San Diego State University has placed seven fraternities on provisional suspension while he investigates alleged code of conduct violations in a Greek system with a history of behavioral problems, including hazing and underage drinking.
The university did not specify the nature of the alleged violations or who reported them. But he confirmed that any concerns have surfaced since the start of the fall semester on Aug. 17, when SDSU opened its doors with a record 37,087 students.
Fraternities under investigation include Phi Kappa Psi, Sigma Alpha Epsilon, Sigma Chi, Phi Delta Theta, Kappa Alpha Order, Pi Kappa Alpha and Delta Sigma Phi, SDSU said. Sanctions against organizations, if warranted, could range from safety training to probation to expulsion.
“Interim suspensions are being implemented in an effort to address behavioral issues within a recognized student organization while these issues are under investigation,” SDSU said in a statement. communicated.
“(The school) prioritizes the health and safety of our campus community and takes reports of alleged misconduct seriously.”
Like most universities, SDSU code of Conduct prohibits a wide range of behaviors, including hazing, underage drinking, physical violence, and sexual misconduct.
The new disciplinary action comes about six months after a former SDSU student filed a complaint in San Diego Superior Court, claiming he nearly died during an alcohol-fueled hazing incident in 2021 while pledging the Kappa Sigma fraternity.
A year earlier, a investigation by the San Diego Union-Tribune revealed that 19 of SDSU’s fraternities and sororities found themselves in official trouble with the university from 2014 to 2019. That figure represented nearly 40 percent of at least 49 Greek chapters active at the time. .
Some issues were minor. Some were serious. Most involved complaints of drinking, hazing, sexual harassment and underage assault and noise, according to confidential university documents the Union-Tribune obtained through the California Public Records Act.
The newspaper’s investigation was published a year after Dylan Hernandez, a freshman who got drunk at an off-campus fraternity party, fell from a bunk bed in a campus dormitory and fell to his death. is hit on the head, sustaining a fatal injury.
In San Diego’s College Area neighborhood, where SDSU is located, residents have complained for years about the intense parties that fraternities and sororities throw off campus. There has also been frustration that the university has very little authority to control student behavior in private homes used for parties.
Some parties attracted huge crowds that spilled into the streets.
From fall 2015 to fall 2019, at least 365 students were taken to the hospital for alcohol and drug-related issues, according to SDSU. It’s unclear how many of these incidents directly involved fraternities and sororities. But the Greek system dominates social activities in the university area.
University records from this period indicate that a fraternity member who was supposed to minimize risks poured hard liquor into an ice sled for partygoers to consume. Another fraternity “forced drinking … and group violence,” records show. A third fraternity claimed “lewd and lewd” behavior was directed at SDSU’s Pride Center, which serves the school’s LBGTQ+ communities.
A fourth fraternity was reprimanded for forcing its members to live in a single room with a live chicken.
The problems did not dissipate as the fall 2020 semester began, as the COVID-19 pandemic spread rapidly.
At the time, SDSU’s school of public health was receiving praise for helping fight the virus regionally. But the flow of students coming and going between campus and nearby private parties contributed to a COVID outbreak.
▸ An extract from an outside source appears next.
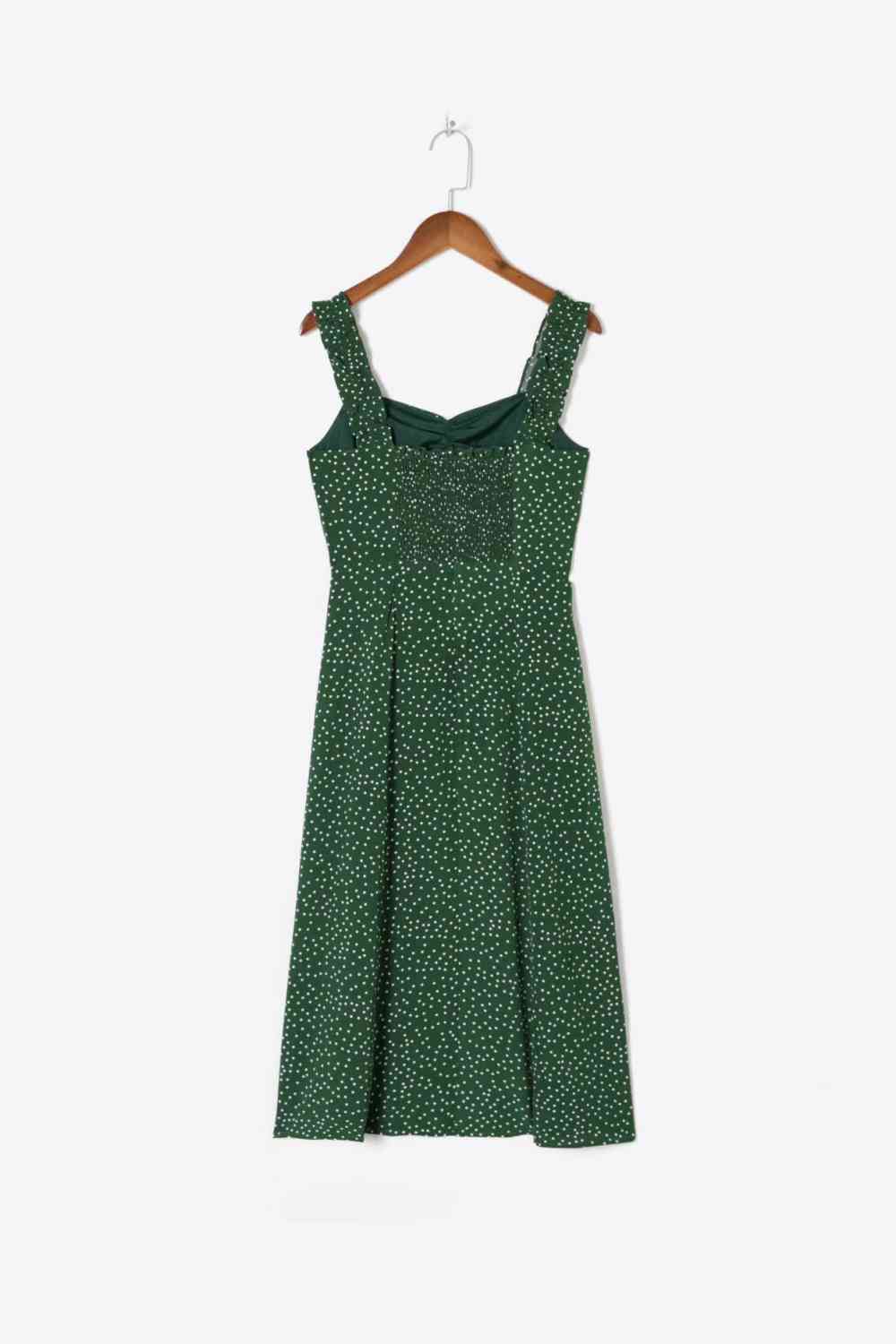 • Load image into Gallery viewer, Polka Dot Ruffle Strap Slit Dress

In September, about 2,600 students were confined to on-campus housing to help regain control.
SDSU President Adela de la Torre publicly acknowledged the situation, saying the virus was spreading, in part, because of a “scourge of the holidays.”
Tensions escalated in late October of that year when county health officials sent cease and desist orders to eight homes in the university area where Halloween parties were to take place. The county said six of the houses were SDSU fraternity and sorority houses.
As the Thanksgiving holiday began, more than 1,400 SDSU students had tested positive for COVID – the highest number of any college or university in California.
Staff Reporter Lyndsay Winkley contributed to this story.